Hua Yin,Seon Ah Park,Soon Jeong Choi,Janardhan P. Bhattarai,Soo Joung Park,Bong Jik Suh,Seong Kyu Han KOREAN ACADAMY OF ORAL BIOLOGY 2008 International Journal of Oral Biology Vol.33 No.4
Bicuculline is one of the most commonly used GABAA receptor antagonists in electrophysiological research. Because of its poor water solubility, bicuculline quaternary ammonium salts such as bicuculline methiodide (BMI) and bicuculline methbromide are preferred. However, a number of studies have shown that BMI has non-GABAA receptormediated effects. The substantia gelatinosa (SG) of the trigeminal subnucleus caudalis (Vc) is implicated in the processing of nociceptive signaling. In this study, we investigated whether BMI has non-GABA receptormediated activity in Vc SG neurons using a whole cell patch clamp technique. SG neurons were depolarized by application of BMI (20 μM) using a high Cl-pipette solution. GABA (30-100 μM) also induced membrane depolarization of SG neuron. Although BMI is known to be a GABAA receptor antagonist, GABA-induced membrane depolarization was enhanced by co-application with BMI. However, free base bicuculline (fBIC) and picrotoxin (PTX), a GABAA and GABAC receptor antagonist, blocked the GABAinduced response.
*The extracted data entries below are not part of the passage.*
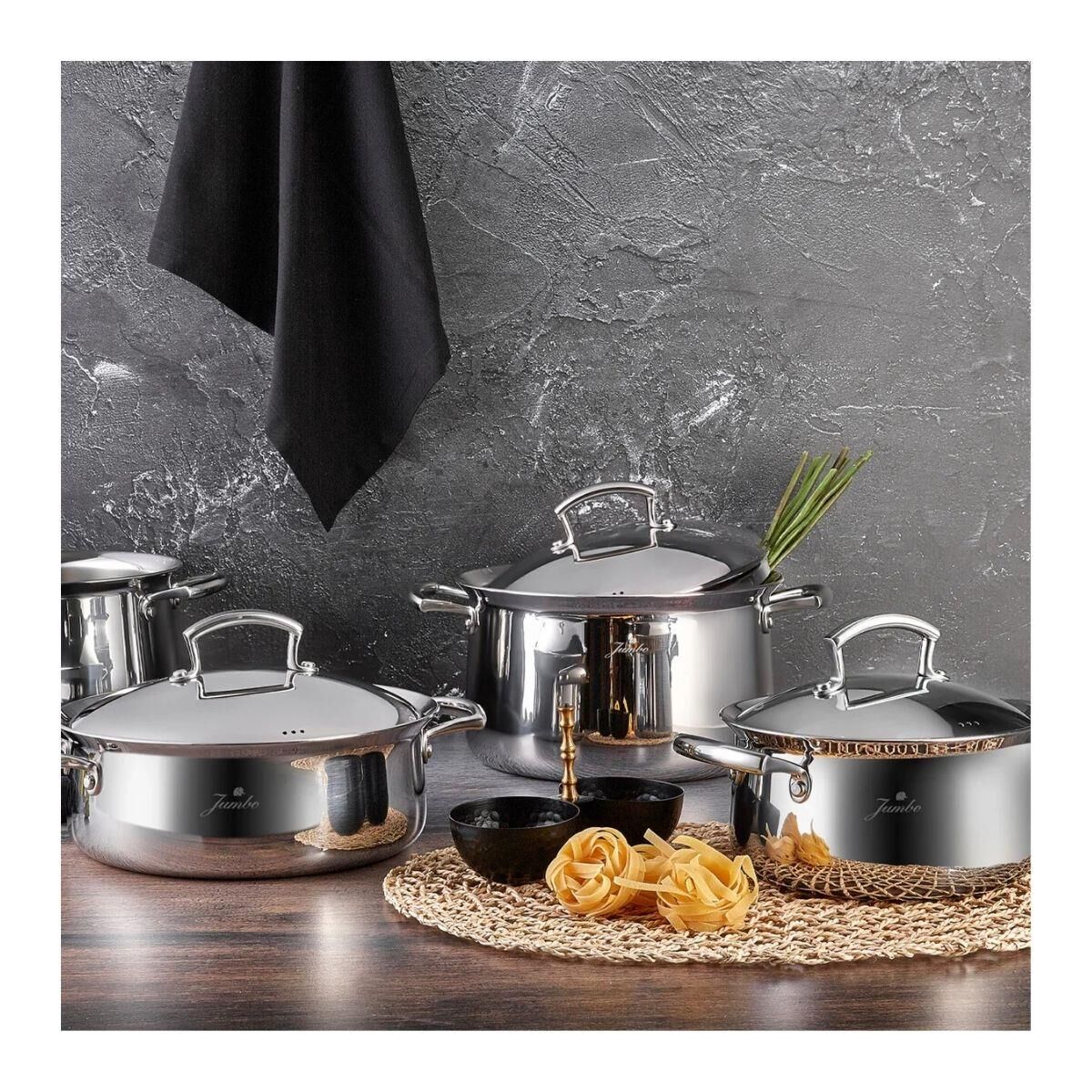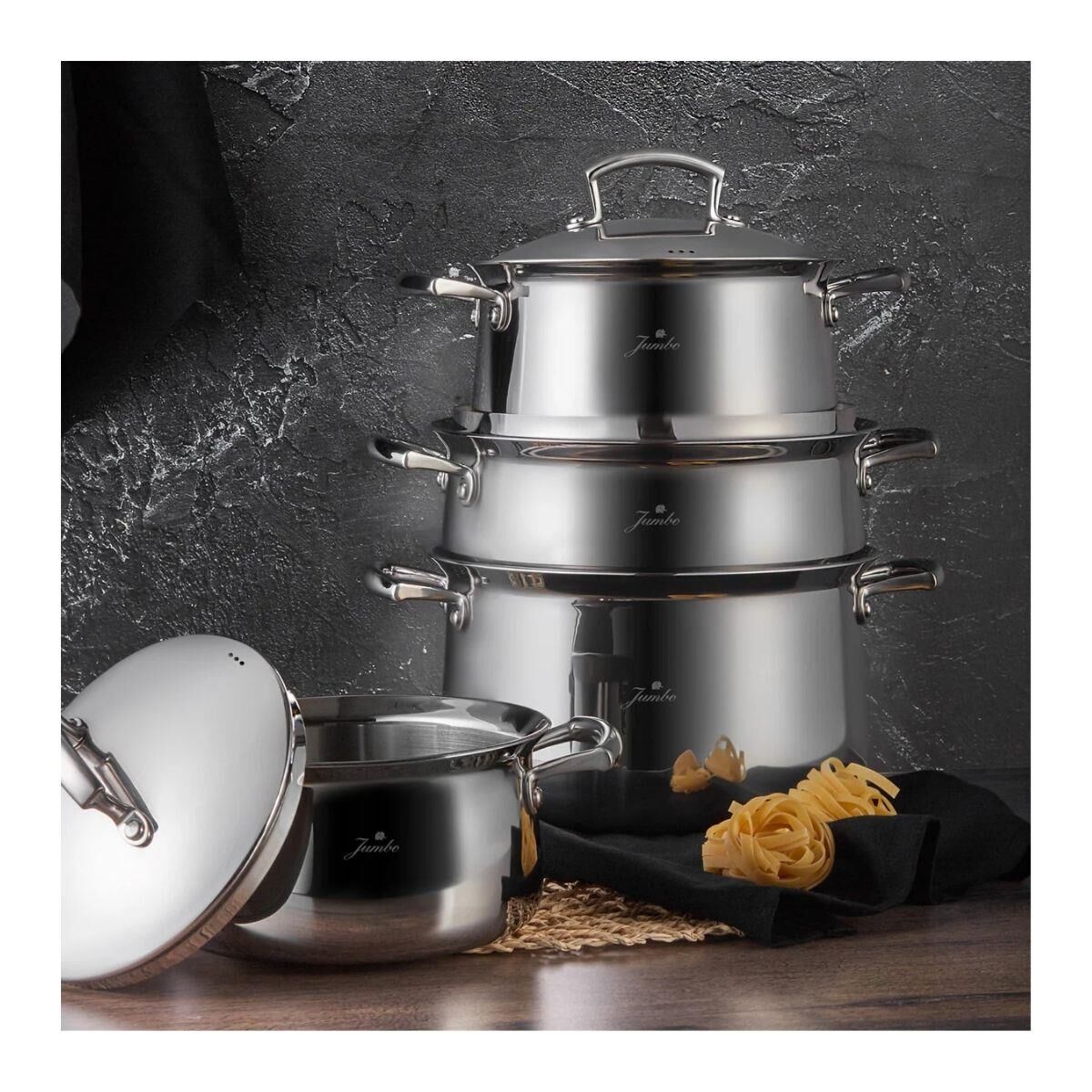 Şık bir tasarıma sahip olan Jumbo 5 ply tencereler, mutfakta estetik bir görünüm sunar.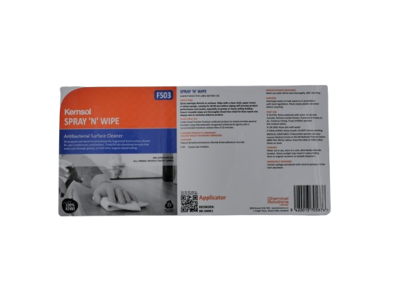 Replacement application label for Spray n Wipe bottles. Can be used to replace old or missing labels and provides clear product and safety information for easy identification and compliance.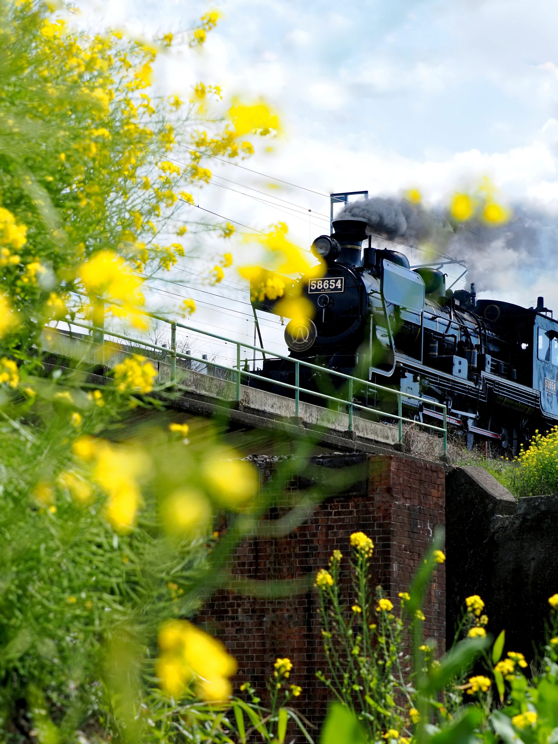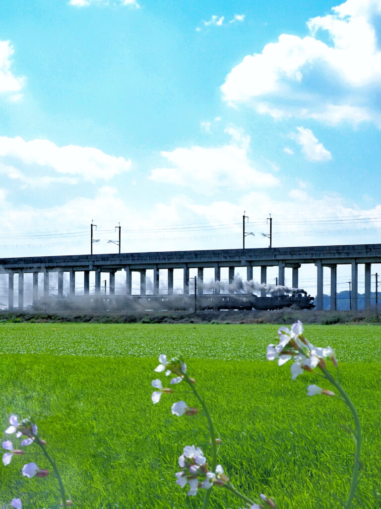 イメージとしては、現代の列車の最上位に君臨する新幹線高架の下をレトロな蒸気機関車が走る・・・といった感じです。菜の花が近くになく、季節感を出すために大根の花?を前景に取り入れてみました。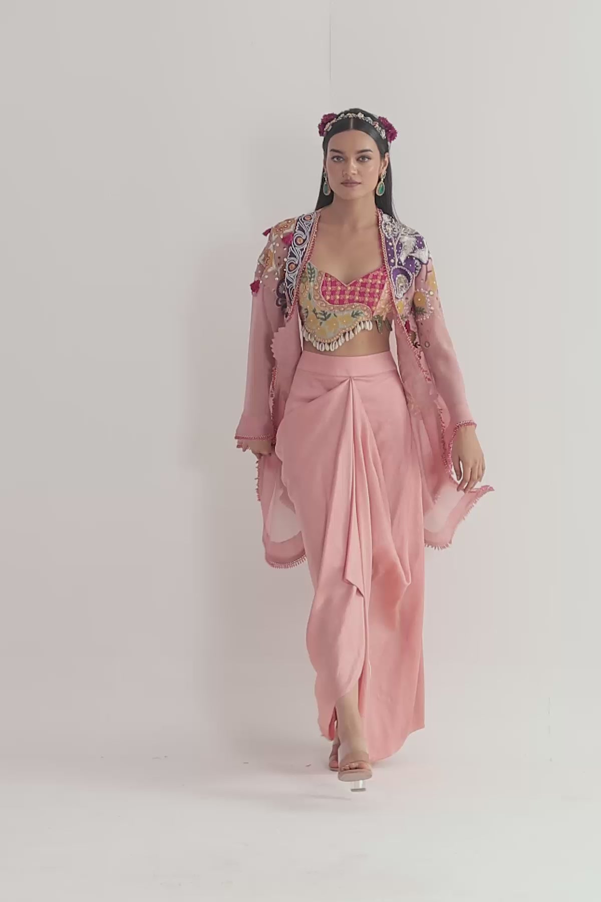 Organza cape highlighted with hand embroidery paired with an embroidered silk bustier and silk drape skirt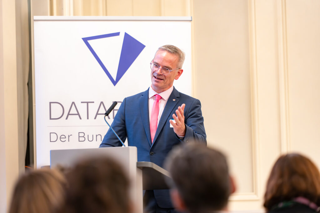 Das 2. Panel „Die Morgen-Verwaltung; Wie unsere Verwaltung zukünftig digital arbeitet und sich verändern muss“ wurde vom Jan Luther (DATABUND-Mitglied HSH, VOIS) moderiert. Neben Stephan Hauber (Stellv. Vorstandsvorsitzender DATABUND e.V.) und Prof. Dr. Sarah Rachut (TU Braunschweig Öffentliches Recht, Recht der Digitalisierung & Hochschulrecht TU München, Center for Digital Public Services) als Impulsgeber waren MdB Johannes Schätzl (Digitalpolitischer Sprecher der SPD-Bundestagsfraktion, Obmann im Bundestagsausschuss für Digitales und Staatsmodernisierung), MdB Sonja Lemke (Die Linke Mitglied im Bundestagsausschuss für Digitales und Staatsmodernisierung) und Schirmherr der Veranstaltung MdB Dr. Markus Reichel (CDU, Mitglied im Ausschuss für „Digitales“ und „Arbeit und Soziales“) als Panellisten auf dem Podium.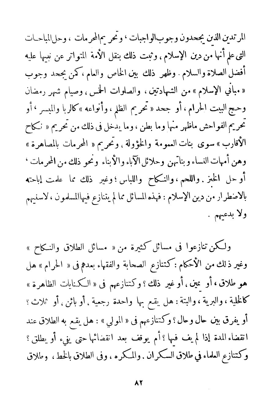 الْمُرْتَدِّينَ الَّذِينَ يَجْحَدُونَ وُجُوبَ الْوَاجِبَاتِ وَتَحْرِيمَ الْمُحَرَّمَاتِ وَحِلَّ الْمُبَاحَاتِ الَّتِي عُلِمَ أَنَّهَا مِنْ دِينِ الْإِسْلَامِ وَثَبَتَ ذَلِكَ بِنَقْلِ الْأُمَّةِ الْمُتَوَاتِرِ عَنْ نَبِيِّهَا عَلَيْهِ أَفْضَلُ الصَّلَاةُ وَالسَّلَامُ. وَظَهَرَ ذَلِكَ بَيْنَ الْخَاصِّ وَالْعَامِّ كَمَنْ يَجْحَدُ وُجُوبَ " مَبَانِي الْإِسْلَامِ " مِنْ الشَّهَادَتَيْنِ وَالصَّلَوَاتِ الْخَمْسِ وَصِيَامِ شَهْرِ رَمَضَانَ وَحِجِّ الْبَيْتِ الْحَرَامِ أَوْ جَحَدَ " تَحْرِيمَ الظُّلْمِ وَأَنْوَاعِهِ " كَالرِّبَا وَالْمَيْسِرِ أَوْ تَحْرِيمَ الْفَوَاحِشِ مَا ظَهَرَ مِنْهَا وَمَا بَطَنَ وَمَا يَدْخُلُ فِي ذَلِكَ مِنْ تَحْرِيمِ " نِكَاحِ الْأَقَارِبِ " سِوَى بَنَاتِ الْعُمُومَةِ وَالْخُؤُولَةِ وَتَحْرِيمَ " الْمُحَرَّمَاتِ بِالْمُصَاهَرَةِ " وَهُنَّ أُمَّهَاتُ النِّسَاءِ وَبَنَاتُهُنَّ وَحَلَائِلُ الْآبَاءِ وَالْأَبْنَاءِ وَنَحْوُ ذَلِكَ مِنْ الْمُحَرَّمَاتِ أَوْ حِلَّ الْخُبْزِ. وَاللَّحْمِ وَالنِّكَاحِ وَاللِّبَاسِ؛ وَغَيْرِ ذَلِكَ مِمَّا عُلِمَتْ إبَاحَتُهُ بِالِاضْطِرَارِ مِنْ دِينِ الْإِسْلَامِ: فَهَذِهِ الْمَسَائِلُ مِمَّا لَمْ يَتَنَازَعْ فِيهَا الْمُسْلِمُونَ لَا سُنِّيُّهُمْ وَلَا بِدْعِيُّهُمْ. وَلَكِنْ تَنَازَعُوا فِي مَسَائِلَ كَثِيرَةٍ مِنْ " مَسَائِلِ الطَّلَاقِ وَالنِّكَاحِ " وَغَيْرِ ذَلِكَ مِنْ الْأَحْكَامِ: كَتَنَازُعِ الصَّحَابَةِ وَالْفُقَهَاءِ بَعْدَهُمْ فِي " الْحَرَامِ " هَلْ هُوَ طَلَاقٌ أَوْ يَمِينٌ أَوْ غَيْرُ ذَلِكَ؟ وَكَتَنَازُعِهِمْ فِي " الْكِنَايَاتِ الظَّاهِرَةِ " كَالْخَلِيَّةِ وَالْبَرِيَّةِ وَالْبَتَّةِ: هَلْ يَقَعُ بِهَا وَاحِدَةٌ رَجْعِيَّةٌ أَوْ بَائِنٌ أَوْ ثَلَاثٌ؟ أَوْ يُفَرَّقُ بَيْنَ حَالٍ وَحَالٍ؟ وَكَتَنَازُعِهِمْ فِي " الْمُولِي ": هَلْ يَقَعُ بِهِ الطَّلَاقُ عِنْدَ انْقِضَاءِ الْمُدَّةِ إذَا لَمْ يَفِ فِيهَا؟ أَمْ يُوقَفُ بَعْدَ انْقِضَائِهَا حَتَّى يَفِيءَ أَوْ يُطَلِّقَ؟ وَكَتَنَازُعِ الْعُلَمَاءِ فِي طَلَاقِ السَّكْرَانِ. وَالْمُكْرَهُ وَفِي الطَّلَاقِ بِالْخَطِّ وَطَلَاقِ

Furthermore, BMI-induced membrane depolarization persisted in the presence of PTX or an antagonist cocktail consisting of tetrodotoxin (Na+ channel blocker), AP-5 (NMDA receptor antagonist), CNQX (non-NMDA receptor antagonist), and strychnine (glycine receptor antagonist). Thus BMI induces membrane depolarization by directly acting on postsynaptic Vc SG neurons in a manner which is independent of GABAA receptors. These results suggest that other unknown mechanisms may be involved in BMI-induced membrane depolarization.